• _Provided material_

Content starts

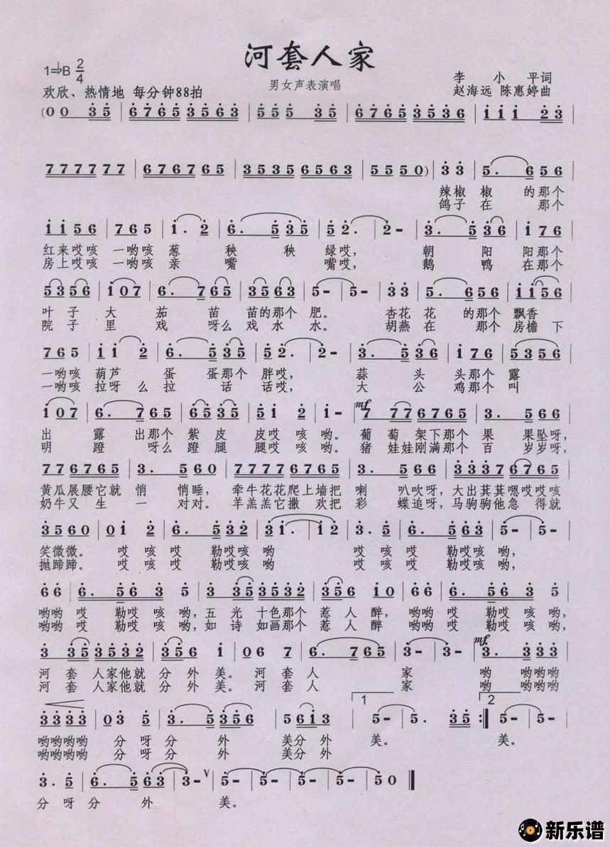 表演唱演唱的河套人家(手稿版)歌词,河套人家(手稿版)简谱.
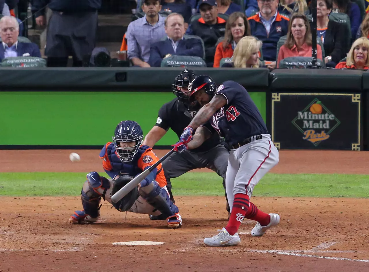 The Nationals trailed 2-0 entering the seventh inning of Game 7 at Houston in 2019. Anthony Rendon made it a 2-1 game with a solo homer in the frame, then Kendrick eventually delivered what should be the biggest hit in Nationals' history. With a man on base, Kendrick drilled a Will Harris that hit the right-field foul pole to put Washington ahead 3-2. The Nationals tacked on three more runs over the next two innings and stunned the Astros with a 6-2 victory for the franchise's first World Series crown. We're still not certain how Expos fans fell about this.
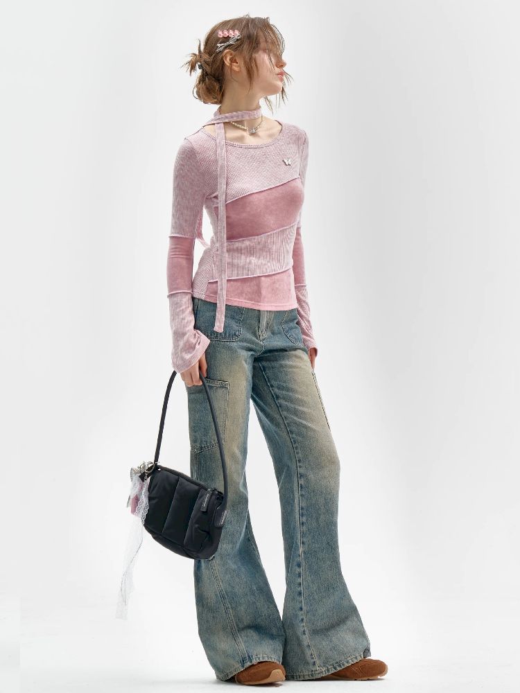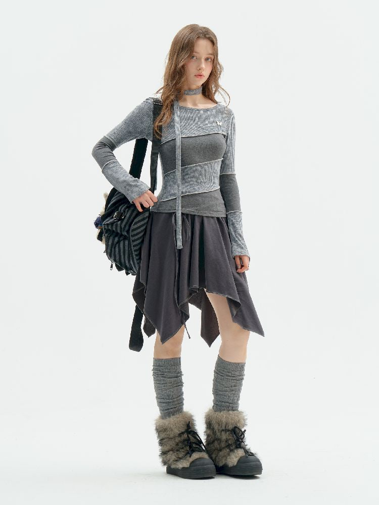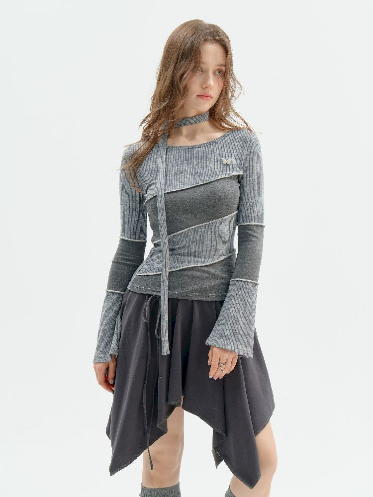 Splicing Collar Long Sleeve T-Shirt【s0000011518】

Content ends

• _Work item_
The pictures should be dropped, and every line above should be set down again exactly.

• _Solution to the exercise_
 表演唱演唱的河套人家(手稿版)歌词,河套人家(手稿版)简谱.
 The Nationals trailed 2-0 entering the seventh inning of Game 7 at Houston in 2019. Anthony Rendon made it a 2-1 game with a solo homer in the frame, then Kendrick eventually delivered what should be the biggest hit in Nationals' history. With a man on base, Kendrick drilled a Will Harris that hit the right-field foul pole to put Washington ahead 3-2. The Nationals tacked on three more runs over the next two innings and stunned the Astros with a 6-2 victory for the franchise's first World Series crown. We're still not certain how Expos fans fell about this.
 Splicing Collar Long Sleeve T-Shirt【s0000011518】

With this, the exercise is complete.